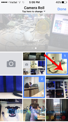 Bước 4: Sau khi đã có ảnh 360, các bạn truy cập vào tài khoản Facebook của mình và chọn ảnh đăng lên như bình thường. Các ảnh được chụp và xếp là ảnh 360 sẽ có thêm biểu tượng quả cầu tròn bên dưới.
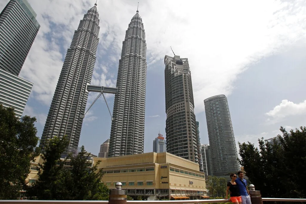 Tourists pose for a photo in front of Malaysia's landmark Petronas Twin Towers as haze dissipated overnight, in Kuala Lumpur, Malaysia, Thursday, June 27, 2013. Singapore suffered its worst haze in history last week after blazes in peat swamp forests on Indonesia's Sumatra island sent massive plumes of smog across the sea to neighboring Singapore and Malaysia. (AP Photo/Lai Seng Sin)
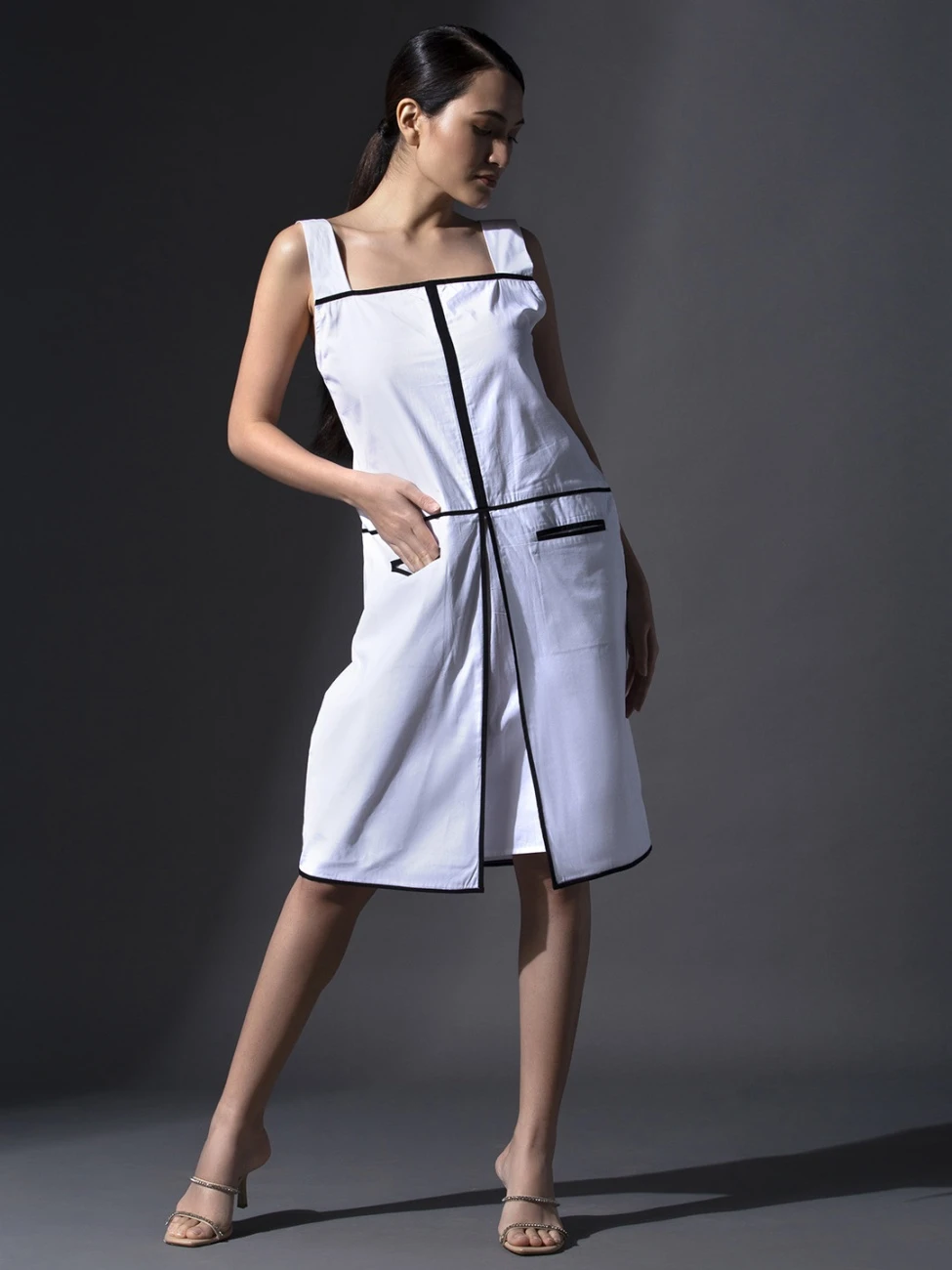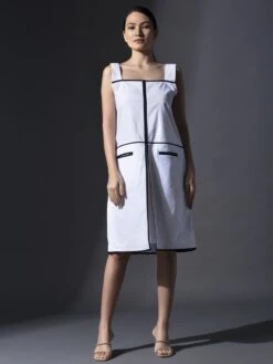 - White Pure Cotton Welt Pockets Dress
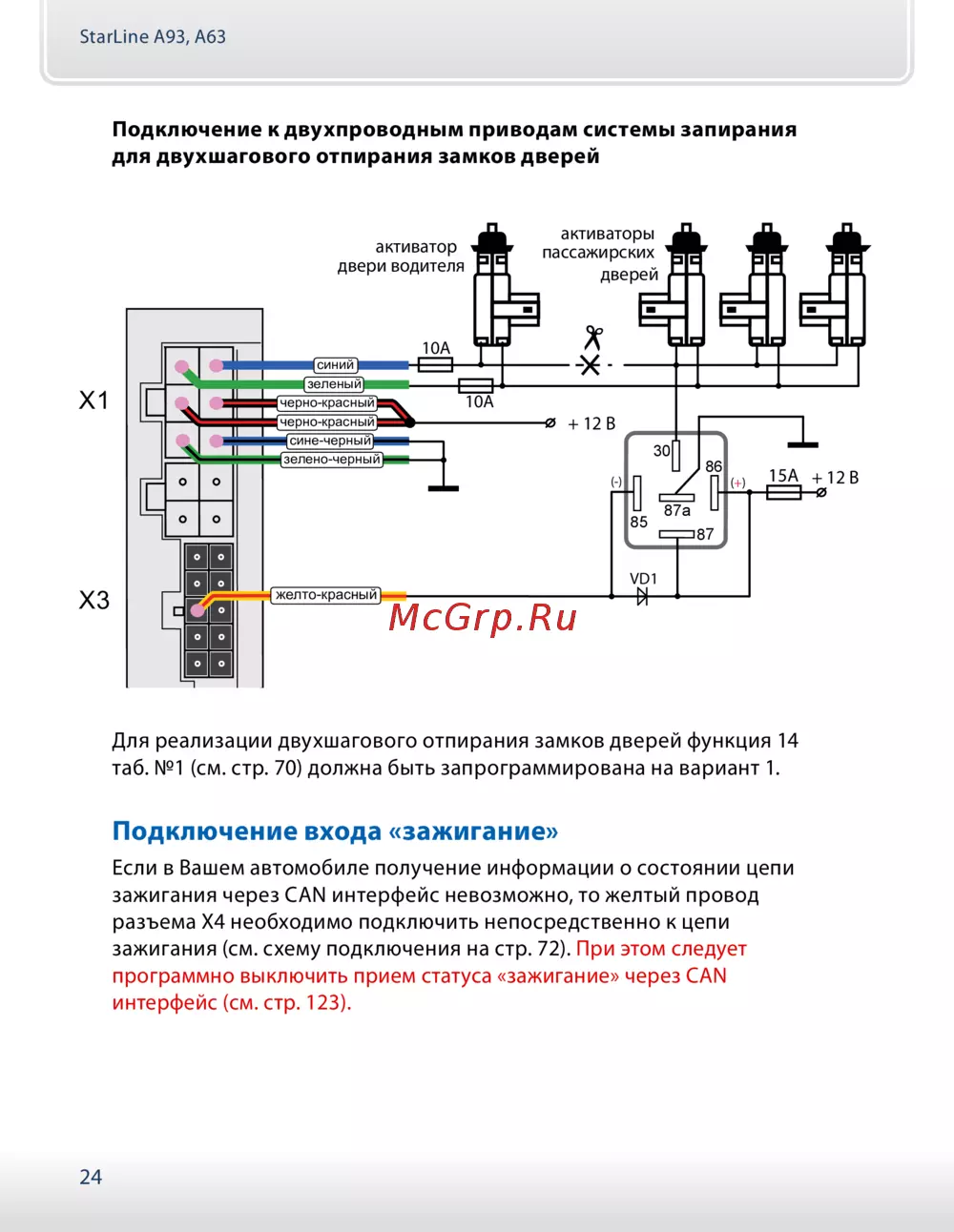 Starline a93 can-lin — подключение двухпроводных приводов для системы запирания [24/157]
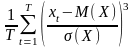 У випадку, коли в наявності є статистична інформація щодо показника ефективності Х, зібрана протягом T періодів, коефіцієнт асиметрії обчислюють за формулою:
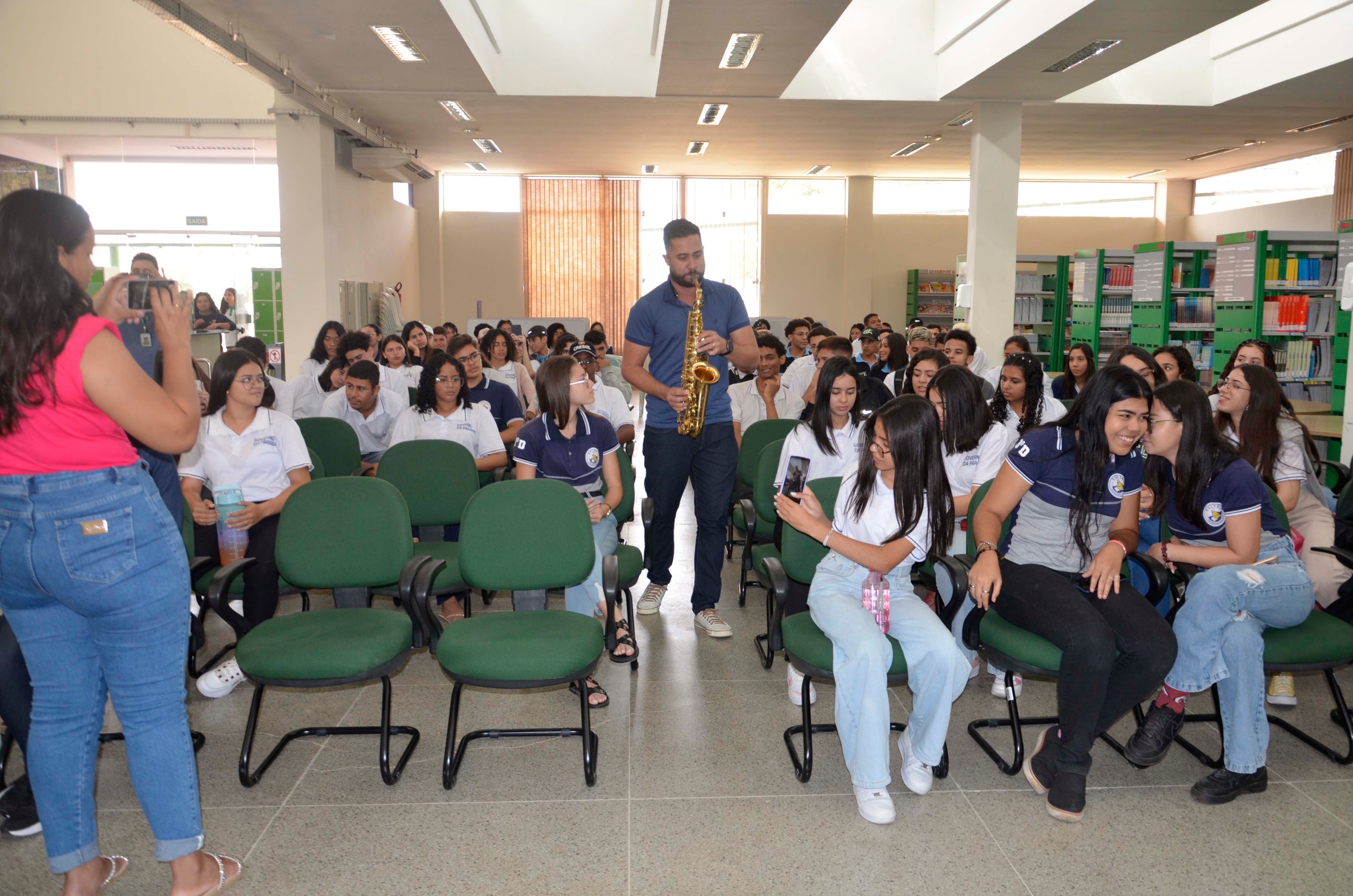 A visita teve início com uma recepção musical, apresentada pelo professor Igor de Tarso M. Bezerra. Em seguida, houve uma breve apresentação dos cursos, ministrada pelos Professores Whelson Oliveira de Brito, Coordenador do
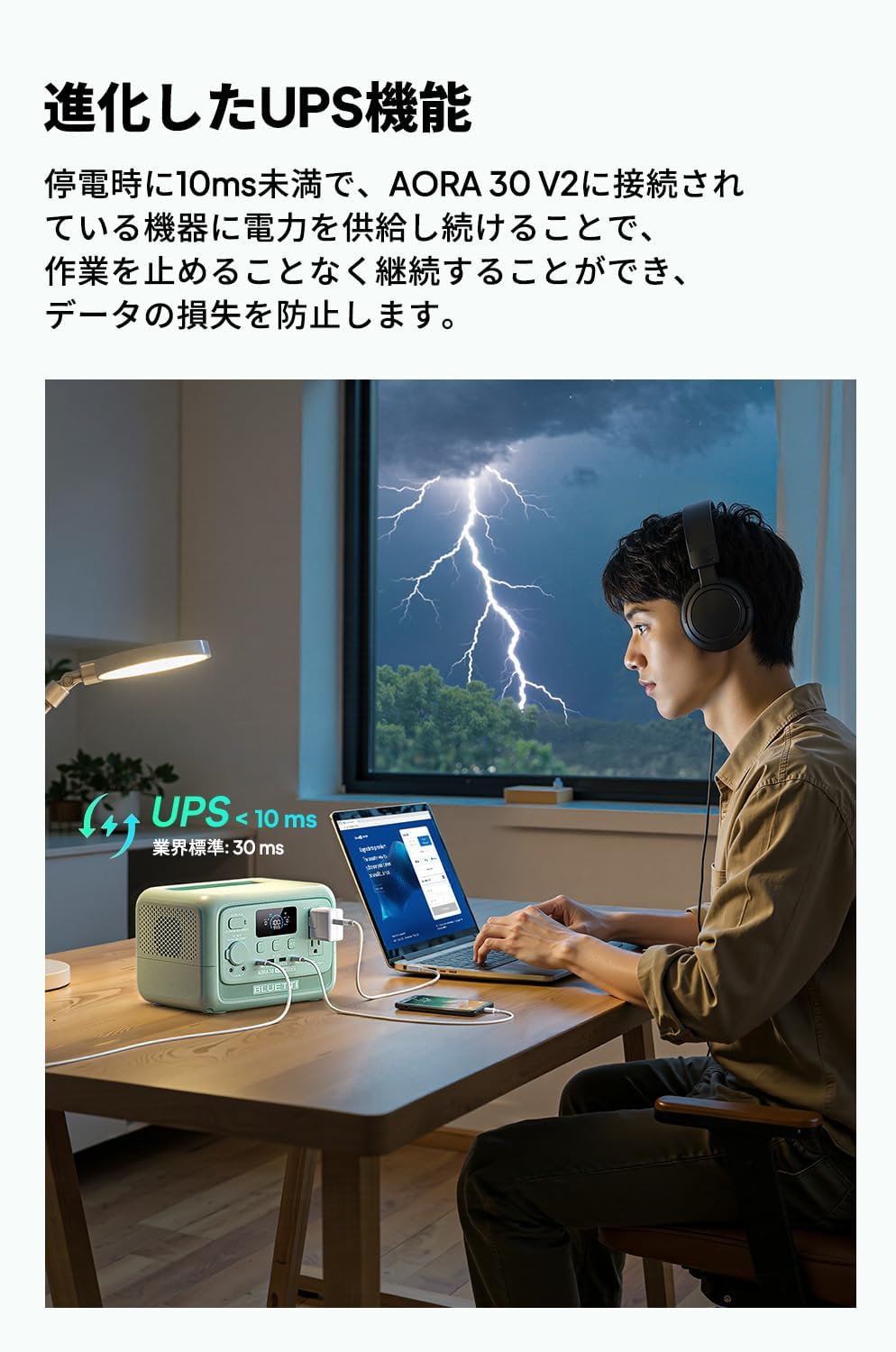 【日本専用設計|直感的操作と高安全性】BLUETTI AORA 30 V2 は日本市場専用に開発されたポータブル電源。画面表示・操作ボタン・取扱説明書の日本語対応で、誰でも簡単操作。防災グッズとして屋内保管する場合も、アウトドアでの使用時も、機能美と実用性を兼ね備えています。筐体はUL94V-0認証の難燃材を使用し、過充電・過熱をリアルタイム監視するBLUETOPUS BMS(バッテリー管理システム)で、家族の安全を守ります。
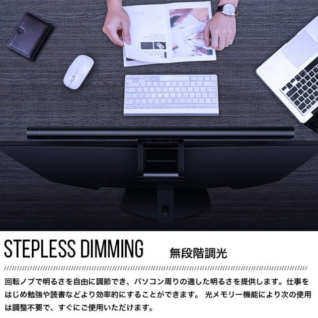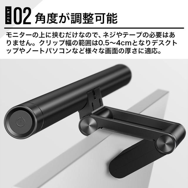 【無段階調光&3種類色温度】回転ノブは明るさを自由に調節でき、異なる環境の人の明るさに対する需要を満たす。三種類の照明モードが、ワンタッチで 切り替わります。色温度は2900K暖かい光、4000K混合光及び5000Kホワイト光としてお好みで選ぶことができ、仕事や勉強をより効率的にする ことができます。 光メモリー機能により、次の使用は調整不要で、すぐに開けます。 【角度が調整可能】重力回転軸固定装置を採用し、スクリーンの厚さに合わせ て、重力ベースを適切な角度に調整して直接スクリーンに掛け、簡単に固定できます。 製品をコンピュータ画面の上にクリップするだけで、ネジやテープは必要ありません。 クリップ範囲は0.5〜4cmで異なる画面の厚さに適用します。 優れたUSB読書灯は、ほぼすべてのモニターに適合します。
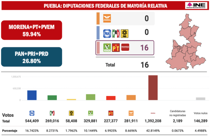 En Puebla la coalición morenista ganó 16 de 16 diputaciones Federales de Mayoría Relativa, con un porcentaje de votos del 59.94 por ciento contra el 26.80 por ciento de la coalición Fuerza y Corazón por México, de PAN, PRI, PRD. Morena, de manera individual sumó el 42.81 por ciento de los sufragios.
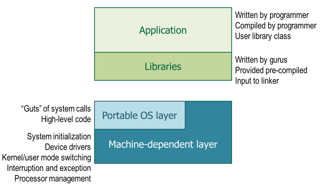 Libraries | 전문가(gurus)가 제작 후 제공 | OS 기능을 손쉽게 사용할 수 있도록 도와주는 API 모음. 컴파일 시 링크(link)되어 실행 파일에 포함됨 |

**Requirement**
Copy the listing exactly. Any image in it stays out of the copy.

**Solution**
 Bước 4: Sau khi đã có ảnh 360, các bạn truy cập vào tài khoản Facebook của mình và chọn ảnh đăng lên như bình thường. Các ảnh được chụp và xếp là ảnh 360 sẽ có thêm biểu tượng quả cầu tròn bên dưới.
 Tourists pose for a photo in front of Malaysia's landmark Petronas Twin Towers as haze dissipated overnight, in Kuala Lumpur, Malaysia, Thursday, June 27, 2013. Singapore suffered its worst haze in history last week after blazes in peat swamp forests on Indonesia's Sumatra island sent massive plumes of smog across the sea to neighboring Singapore and Malaysia. (AP Photo/Lai Seng Sin)
 - White Pure Cotton Welt Pockets Dress
 Starline a93 can-lin — подключение двухпроводных приводов для системы запирания [24/157]
 У випадку, коли в наявності є статистична інформація щодо показника ефективності Х, зібрана протягом T періодів, коефіцієнт асиметрії обчислюють за формулою:
 A visita teve início com uma recepção musical, apresentada pelo professor Igor de Tarso M. Bezerra. Em seguida, houve uma breve apresentação dos cursos, ministrada pelos Professores Whelson Oliveira de Brito, Coordenador do
 【日本専用設計|直感的操作と高安全性】BLUETTI AORA 30 V2 は日本市場専用に開発されたポータブル電源。画面表示・操作ボタン・取扱説明書の日本語対応で、誰でも簡単操作。防災グッズとして屋内保管する場合も、アウトドアでの使用時も、機能美と実用性を兼ね備えています。筐体はUL94V-0認証の難燃材を使用し、過充電・過熱をリアルタイム監視するBLUETOPUS BMS(バッテリー管理システム)で、家族の安全を守ります。
 【無段階調光&3種類色温度】回転ノブは明るさを自由に調節でき、異なる環境の人の明るさに対する需要を満たす。三種類の照明モードが、ワンタッチで 切り替わります。色温度は2900K暖かい光、4000K混合光及び5000Kホワイト光としてお好みで選ぶことができ、仕事や勉強をより効率的にする ことができます。 光メモリー機能により、次の使用は調整不要で、すぐに開けます。 【角度が調整可能】重力回転軸固定装置を採用し、スクリーンの厚さに合わせ て、重力ベースを適切な角度に調整して直接スクリーンに掛け、簡単に固定できます。 製品をコンピュータ画面の上にクリップするだけで、ネジやテープは必要ありません。 クリップ範囲は0.5〜4cmで異なる画面の厚さに適用します。 優れたUSB読書灯は、ほぼすべてのモニターに適合します。
 En Puebla la coalición morenista ganó 16 de 16 diputaciones Federales de Mayoría Relativa, con un porcentaje de votos del 59.94 por ciento contra el 26.80 por ciento de la coalición Fuerza y Corazón por México, de PAN, PRI, PRD. Morena, de manera individual sumó el 42.81 por ciento de los sufragios.
 Libraries | 전문가(gurus)가 제작 후 제공 | OS 기능을 손쉽게 사용할 수 있도록 도와주는 API 모음. 컴파일 시 링크(link)되어 실행 파일에 포함됨 |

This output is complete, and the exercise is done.